Finding Balance in the US-China Relationship

A critical mission for the president-elect.

By Roncevert Ganan Almond

On June 26, 2016, Panama celebrated the official opening of a new set of locks allowing the transit of Neopanamax vessels, the supersized cargo ships that service the global supply chain from Shanghai to Miami. Since its launch, with the transit of the SS Ancon in 1914, the Panama Canal has served as a testament to American power, ambition, and technological capacity. After more than $5 billion spent, and nearly a decade of construction, Panama hopes the new canal expansion will usher in another century of international trade and economic prosperity.

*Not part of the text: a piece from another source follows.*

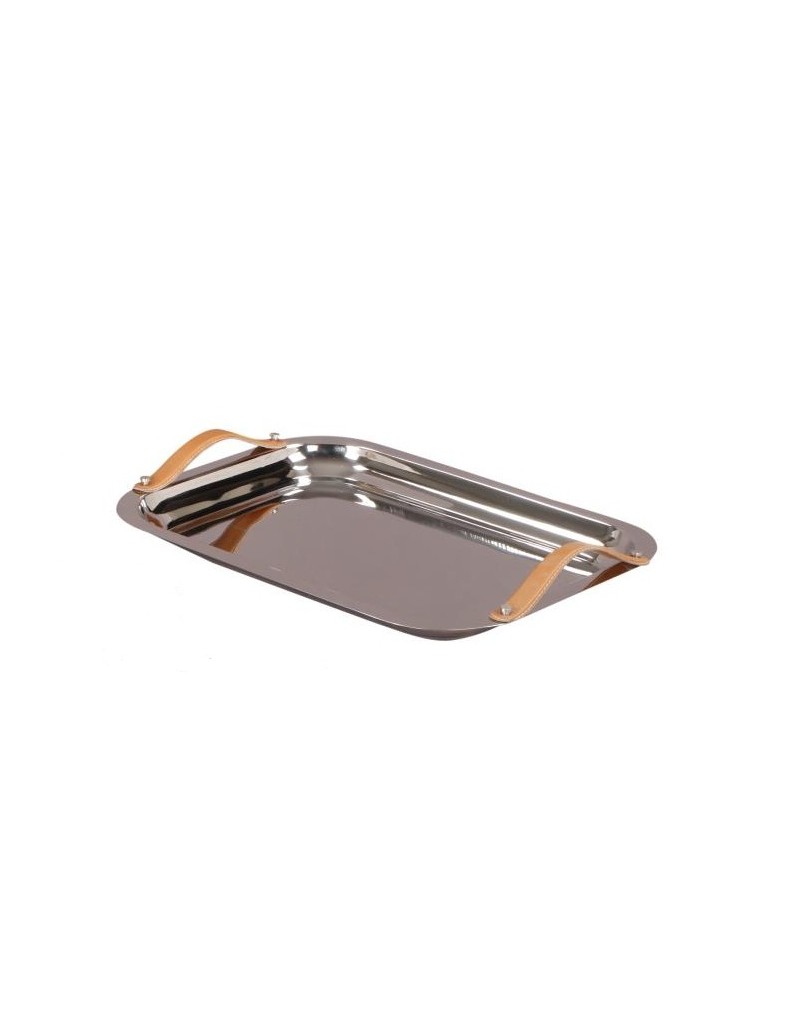 BANDEJA RECTANGULAR GRANDE EN ACERO CON ASAS EN CUERO.

Given changes in trade patterns and increasing importance of the Asia-Pacific region, it is perhaps fitting that the first ship to transit the expanded locks – the M.V. COSCO Shipping Panama – hails from the world’s largest trading nation, China. In addition to some notable controversies, the canal expansion has had an inauspicious inauguration. According to the Canal Authority, 2016 has been one of the worst years for maritime cargo, largely due to a slowdown in China and decreasing levels of imports into the United States.

Indeed, from world trade to issues of war and peace, the United States and China are the determinative factors in international relations. With the surprising victory of Donald Trump in the U.S. presidential election, a new volatile variable has entered the equation. We can expect the unexpected. This was made abundantly clear when President-elect Trump accepted a phone call from President Tsai Ing-wen of Taiwan, a bold break from more than four-decades of U.S. policy. Such incidents should not distract the Trump administration from developing a larger view encompassing structural shifts in world politics and the grander framework of U.S.-China relations. The president-elect’s first mission in U.S. foreign policy is finding new balance in the U.S.-China relationship.

After the Rebalance

After inheriting two wars, involving a massive and costly U.S. footprint in  the Middle East and South Asia, U.S. President Barack Obama sought to leave his imprint on U.S. foreign policy through the so-called “pivot” – later “rebalance” – to the Asia-Pacific. In a speech before Australia’s Parliament, on November 17, 2011, Obama laid out his 21st century vision of American leadership in the region through the promotion of regional security, shared economic prosperity, and good governance. The U.S.-China Economic and Security Review Commission (USCC), a Congressional body charged with monitoring the national security implications of the bilateral trade and economic relationship with China, measured the rebalance strategy as part of its 2016 annual report.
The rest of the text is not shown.